"""

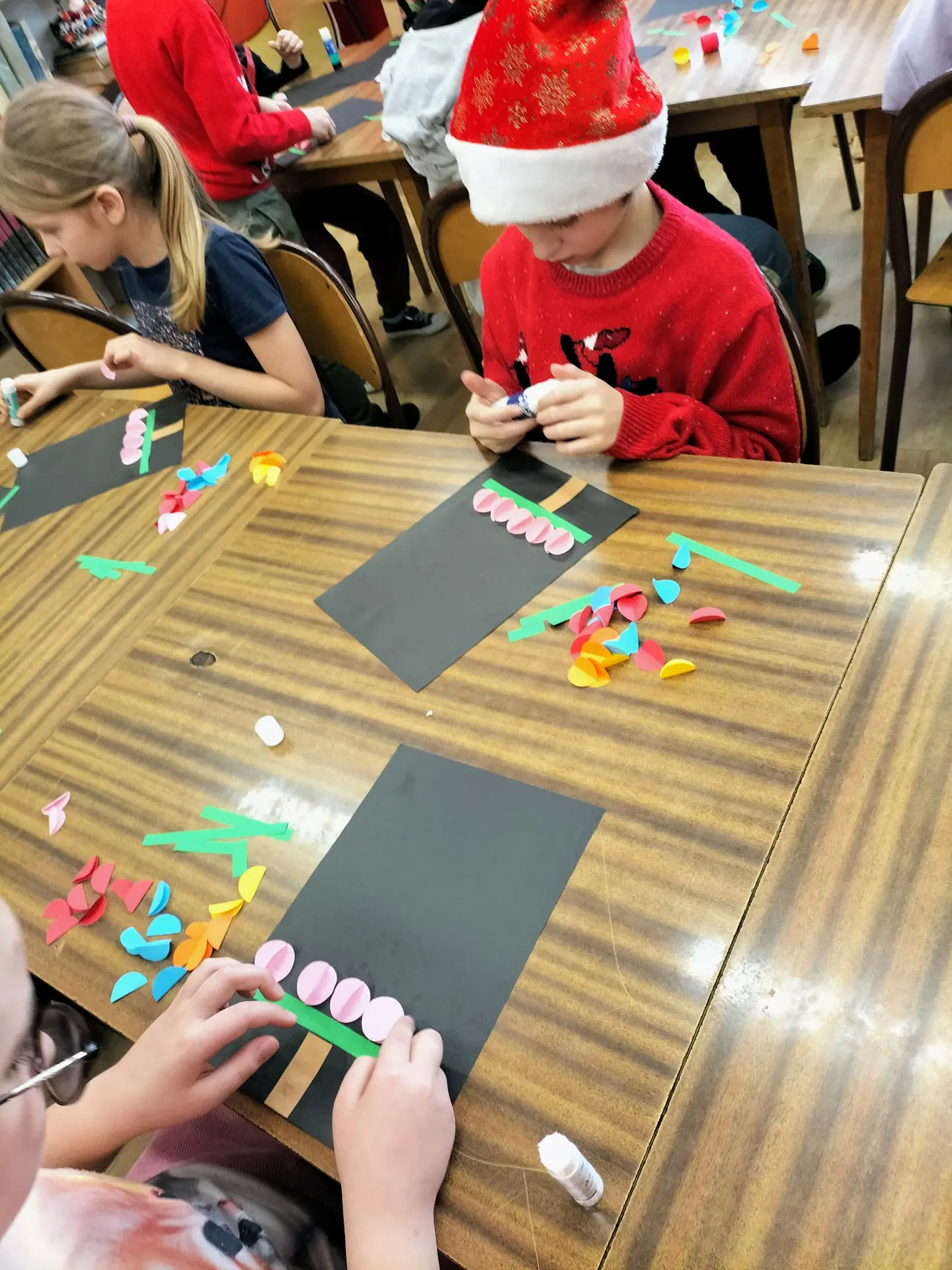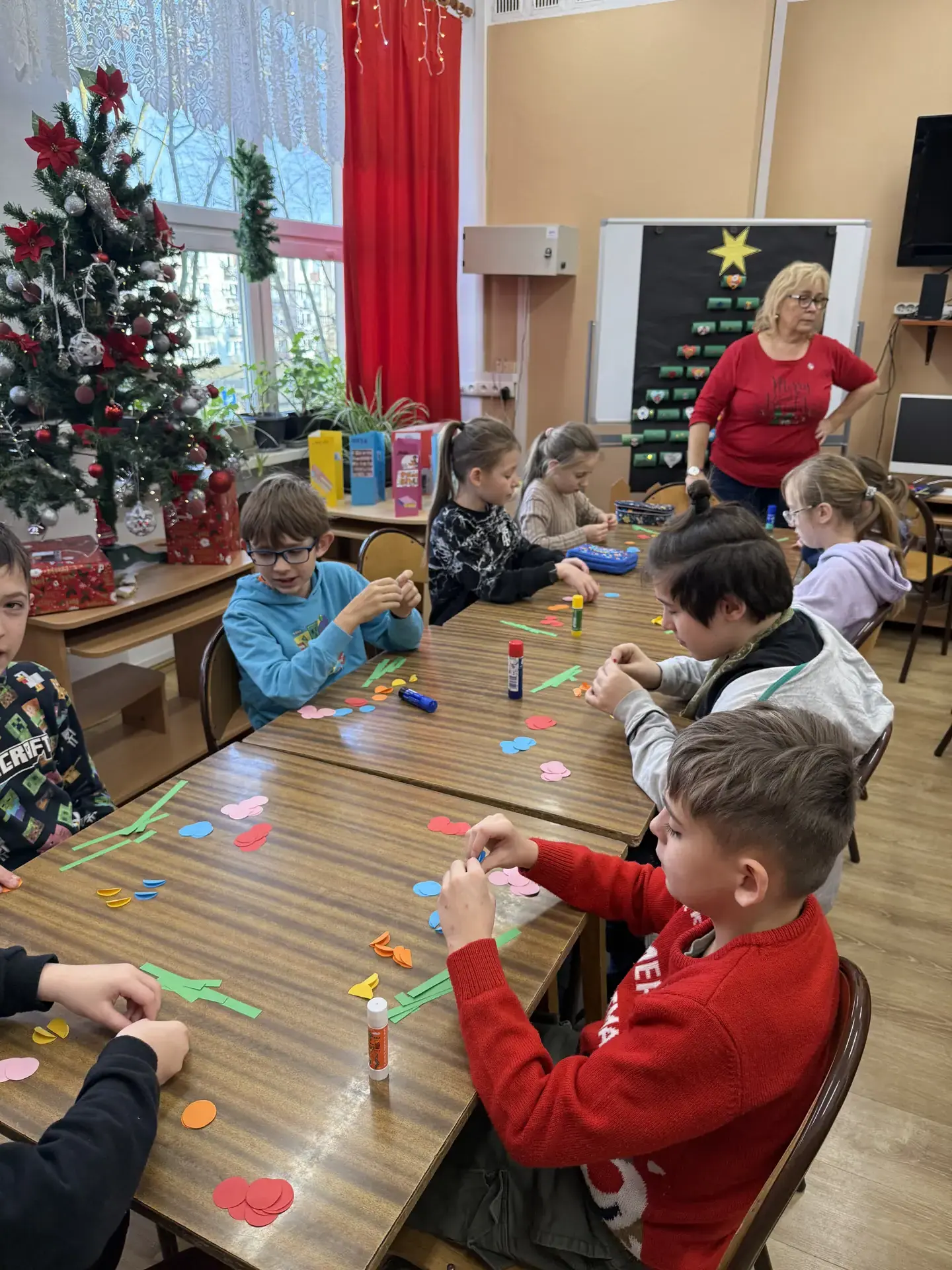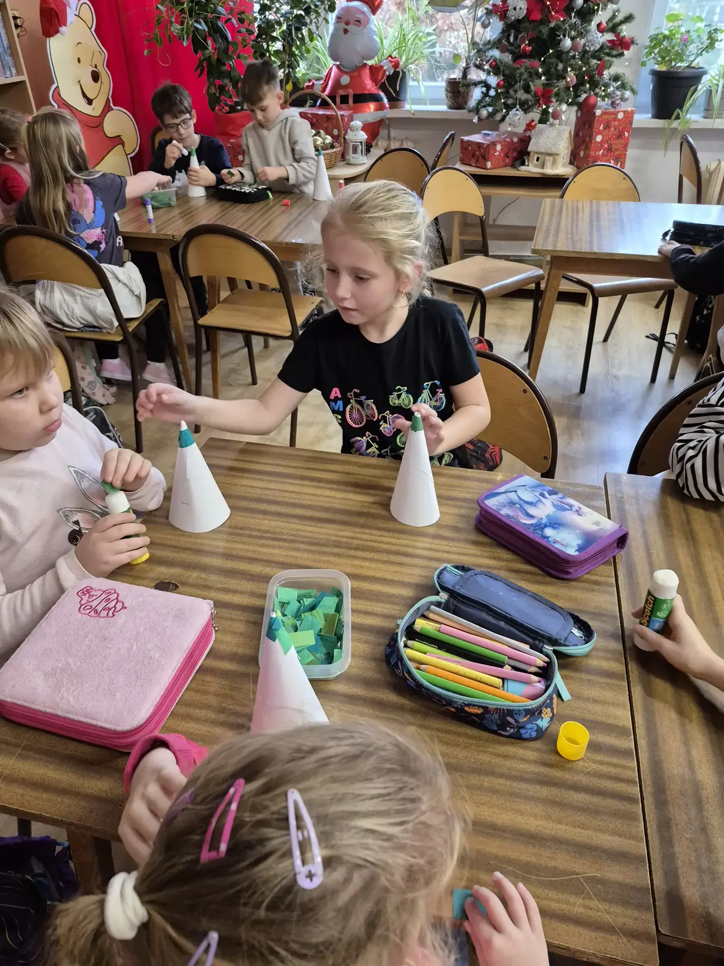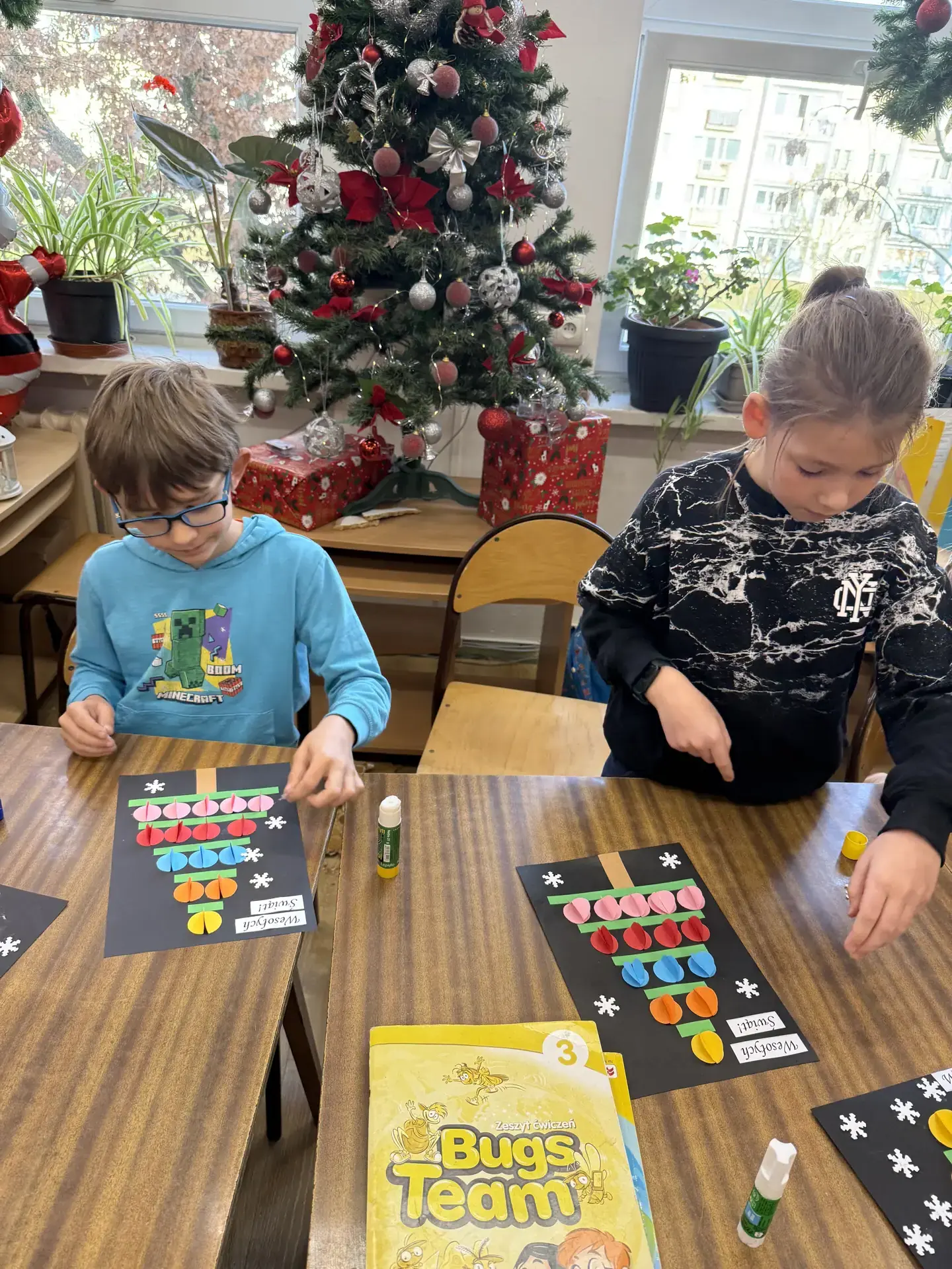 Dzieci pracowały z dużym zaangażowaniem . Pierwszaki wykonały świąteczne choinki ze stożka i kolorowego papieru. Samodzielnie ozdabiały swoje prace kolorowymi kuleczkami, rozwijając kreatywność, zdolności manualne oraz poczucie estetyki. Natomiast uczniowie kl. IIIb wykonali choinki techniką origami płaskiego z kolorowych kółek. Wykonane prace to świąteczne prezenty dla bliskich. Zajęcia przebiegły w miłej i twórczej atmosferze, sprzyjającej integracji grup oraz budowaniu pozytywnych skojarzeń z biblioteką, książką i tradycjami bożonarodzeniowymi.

"""
"""

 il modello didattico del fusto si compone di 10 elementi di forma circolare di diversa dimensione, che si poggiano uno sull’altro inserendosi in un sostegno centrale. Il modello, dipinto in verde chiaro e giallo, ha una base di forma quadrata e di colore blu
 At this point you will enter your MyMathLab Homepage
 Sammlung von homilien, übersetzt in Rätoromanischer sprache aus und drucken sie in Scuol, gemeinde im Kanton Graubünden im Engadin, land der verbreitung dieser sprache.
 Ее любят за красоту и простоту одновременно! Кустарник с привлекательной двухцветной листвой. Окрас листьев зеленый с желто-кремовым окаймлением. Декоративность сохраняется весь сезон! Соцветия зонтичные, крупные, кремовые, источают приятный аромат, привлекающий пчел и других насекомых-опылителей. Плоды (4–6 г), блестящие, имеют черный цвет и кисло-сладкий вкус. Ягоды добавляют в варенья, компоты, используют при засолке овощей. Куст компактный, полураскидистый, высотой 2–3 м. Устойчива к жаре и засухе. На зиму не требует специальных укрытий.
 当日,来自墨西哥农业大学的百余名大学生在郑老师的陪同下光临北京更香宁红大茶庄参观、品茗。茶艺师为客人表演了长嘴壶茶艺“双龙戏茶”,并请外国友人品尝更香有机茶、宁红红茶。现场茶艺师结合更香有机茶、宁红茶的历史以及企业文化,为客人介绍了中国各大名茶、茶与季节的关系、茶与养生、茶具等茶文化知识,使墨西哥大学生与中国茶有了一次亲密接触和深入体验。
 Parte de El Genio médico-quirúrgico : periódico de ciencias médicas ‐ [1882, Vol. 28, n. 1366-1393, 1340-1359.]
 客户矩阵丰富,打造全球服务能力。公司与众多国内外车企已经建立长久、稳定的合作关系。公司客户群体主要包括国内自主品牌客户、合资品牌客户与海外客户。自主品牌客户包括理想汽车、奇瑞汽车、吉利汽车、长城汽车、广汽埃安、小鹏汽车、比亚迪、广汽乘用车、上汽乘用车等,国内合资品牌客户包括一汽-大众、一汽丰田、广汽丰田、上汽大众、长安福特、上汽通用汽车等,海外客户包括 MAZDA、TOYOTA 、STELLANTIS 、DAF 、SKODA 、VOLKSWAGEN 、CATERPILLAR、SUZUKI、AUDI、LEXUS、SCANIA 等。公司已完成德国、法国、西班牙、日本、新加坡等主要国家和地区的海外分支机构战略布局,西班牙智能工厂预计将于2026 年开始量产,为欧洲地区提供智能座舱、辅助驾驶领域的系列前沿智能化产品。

"""
"""

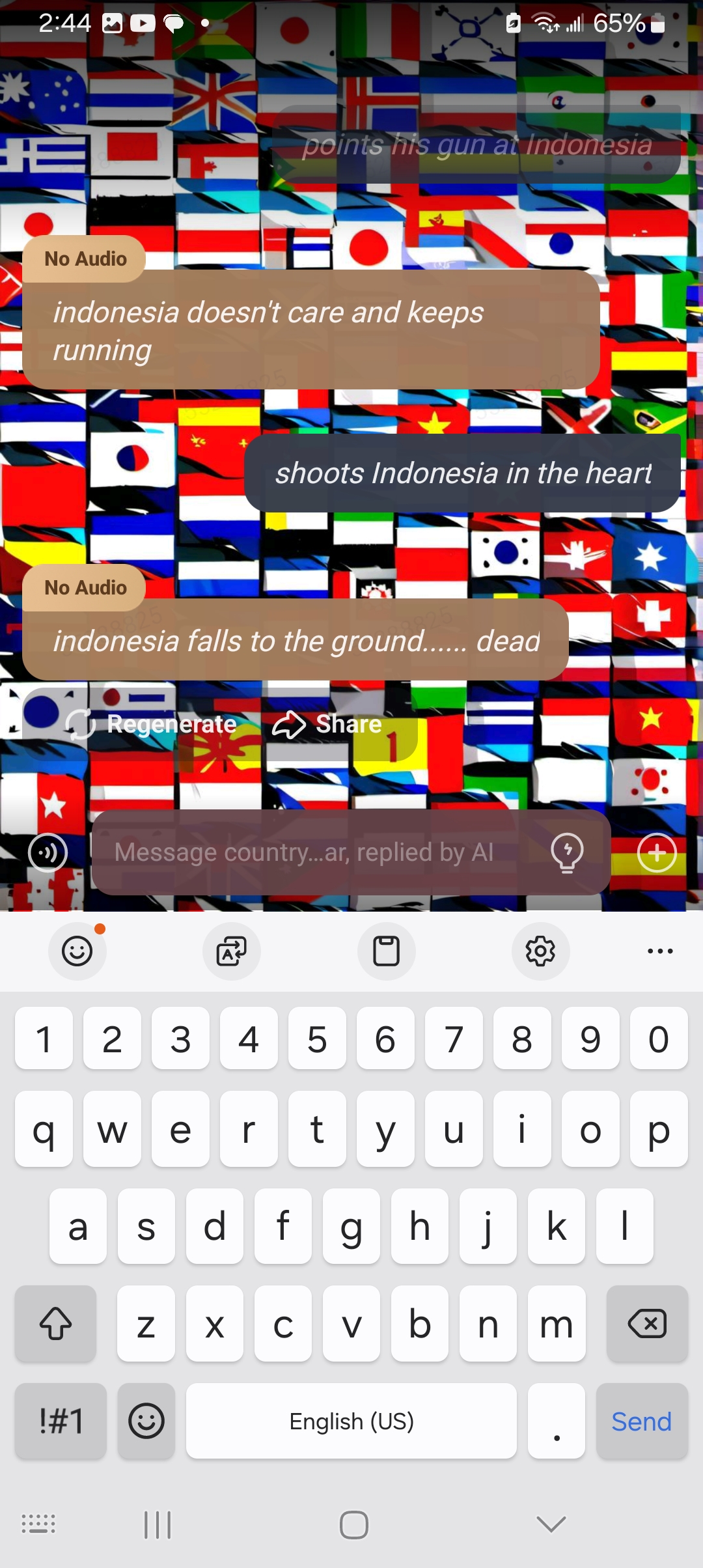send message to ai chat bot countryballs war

"""

» **Activity**
Repeat the entries above verbatim, but only from the line that has "Ее любят за" down to the line that has "MAZDA、TOYOTA 、STELLANTIS 、DAF", inclusive.

» **Response**
 Ее любят за красоту и простоту одновременно! Кустарник с привлекательной двухцветной листвой. Окрас листьев зеленый с желто-кремовым окаймлением. Декоративность сохраняется весь сезон! Соцветия зонтичные, крупные, кремовые, источают приятный аромат, привлекающий пчел и других насекомых-опылителей. Плоды (4–6 г), блестящие, имеют черный цвет и кисло-сладкий вкус. Ягоды добавляют в варенья, компоты, используют при засолке овощей. Куст компактный, полураскидистый, высотой 2–3 м. Устойчива к жаре и засухе. На зиму не требует специальных укрытий.
 当日,来自墨西哥农业大学的百余名大学生在郑老师的陪同下光临北京更香宁红大茶庄参观、品茗。茶艺师为客人表演了长嘴壶茶艺“双龙戏茶”,并请外国友人品尝更香有机茶、宁红红茶。现场茶艺师结合更香有机茶、宁红茶的历史以及企业文化,为客人介绍了中国各大名茶、茶与季节的关系、茶与养生、茶具等茶文化知识,使墨西哥大学生与中国茶有了一次亲密接触和深入体验。
 Parte de El Genio médico-quirúrgico : periódico de ciencias médicas ‐ [1882, Vol. 28, n. 1366-1393, 1340-1359.]
 客户矩阵丰富,打造全球服务能力。公司与众多国内外车企已经建立长久、稳定的合作关系。公司客户群体主要包括国内自主品牌客户、合资品牌客户与海外客户。自主品牌客户包括理想汽车、奇瑞汽车、吉利汽车、长城汽车、广汽埃安、小鹏汽车、比亚迪、广汽乘用车、上汽乘用车等,国内合资品牌客户包括一汽-大众、一汽丰田、广汽丰田、上汽大众、长安福特、上汽通用汽车等,海外客户包括 MAZDA、TOYOTA 、STELLANTIS 、DAF 、SKODA 、VOLKSWAGEN 、CATERPILLAR、SUZUKI、AUDI、LEXUS、SCANIA 等。公司已完成德国、法国、西班牙、日本、新加坡等主要国家和地区的海外分支机构战略布局,西班牙智能工厂预计将于2026 年开始量产,为欧洲地区提供智能座舱、辅助驾驶领域的系列前沿智能化产品。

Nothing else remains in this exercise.